The Layered Architecture Pattern

Once you are beyond a single MCP tool, a natural architecture emerges:

Data Sources
    ↓
ETL / Import Layer (not touched by MCP)
    ↓
Internal Query API (existing functions)
    ↓
MCP Facade Layer (semantic wrapping, cost controls, schema enforcement)
    ↓
Model (Claude Code agent)

The key insight here is that the MCP layer is thin. It does not contain business logic, does not join tables, and does not perform derived computations. Those responsibilities belong either in the internal query layer (which can be tested and evolved independently) or in the model's own reasoning.

This separation makes the system maintainable: you can evolve your backend independently of your MCP interface, and you can update your MCP interface without touching core business logic.

Implications

For Tool Design in General

The six-dimension framework applies beyond data-fetch MCPs. Any tool exposed to an AI agent benefits from the same thinking: what is the semantic granularity, what are the cost and token implications, what security boundary does this introduce, and when should the model use it?

The shift from "API for humans" to "primitive for agents" is subtle but important. Humans bring context, judgment, and the ability to recognize when an API is returning garbage. Models bring consistency, composability, and the ability to chain operations — but they need the interface to carry the semantic load that humans supply implicitly.

For Workflow Architecture

A well-designed data-fetch MCP becomes a reusable building block across multiple workflows. This is where the real leverage comes from. If you invest in making a coverage-score tool semantically clean, cost-controlled, and reproducible, it can be used in analysis workflows, reporting workflows, monitoring workflows, and exploratory workflows without modification.

This reusability is what distinguishes a data-fetch MCP that was built thoughtfully from one that was bolted together quickly. Both may work initially. Only the former scales to a complex multi-workflow system without accumulating technical debt.

For Teams With Existing Backends

The most actionable takeaway for teams with mature backends is: you do not need to build a new API to build a good MCP. The data infrastructure you already have is likely a suitable foundation. The investment is in the design layer — the semantic contracts, the cost guardrails, and the security boundaries.

Start by writing the JSON schemas for the tools you want to expose. Before writing any code, validate that those schemas feel right: are the parameter names unambiguous? Is the output bounded? Would a model reading the description know precisely when to invoke this tool?

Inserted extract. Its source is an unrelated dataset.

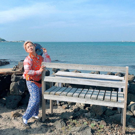 박나래는 25일 자신의 인스타그램에 '제주도, 풀 뜯어먹는 소리, 농사 룩, 비비드 컬러, 바람 느끼는 중, 박나래, 금능해변, 엣지있는 발끝'이라는 해시태그와 함께 사진을 게재했다.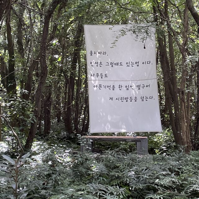 The meaning of Gotjawal is Got (a straight tree) and Jawal refers to the trees in the forest that have grown tangled and messy. It is a place that gives people who are tired of city life or those living in Seoul or other cities time to commune with nature. If you walk along the forest path, you will feel free without realizing it. The good quotes you come across while walking will also stick in your heart, and it seems like a good place to bring your children. A course that is highly recommended for those who leave the city and go on a solo trip to ‘find myself…’. This place is different from the tree works of photographer Bae Byeong-woo, and you can capture your own trees and nature. #Sanyangkeunggot #GotjawalRecommendation

If the answer is yes, the implementation is the easy part.

Conclusion

Building a data-fetch MCP is deceptively simple to start and surprisingly easy to get wrong. The technical barrier — connecting to an API or database — is low. The design challenge — making that connection safe, stable, cost-controlled, and model-friendly — is where the real work lies.

The six-dimension framework provides a systematic way to approach this challenge:

1. Data source type determines the baseline risks and constraints
2. Invocation granularity determines whether the model can use the tool reliably
3. Cost and token controls determine whether the system is safe to run autonomously
4. Reproducibility determines whether the tool can be used in auditable, long-running workflows
5. Security boundaries determine whether the tool is safe to expose to an autonomous agent
6. Invocation timing determines whether the tool adds value or just adds overhead

Teams with existing backends are in a strong position: the hard conceptual work of data modeling is already done. The path to a good MCP is primarily a design exercise — audit your existing functions, write schemas before code, and resist the temptation to expose general-purpose query surfaces to the model.

Done right, a data-fetch MCP is not just a data connector. It is a stable, reusable AI primitive — a building block that multiple workflows can depend on to behave consistently and predictably, session after session.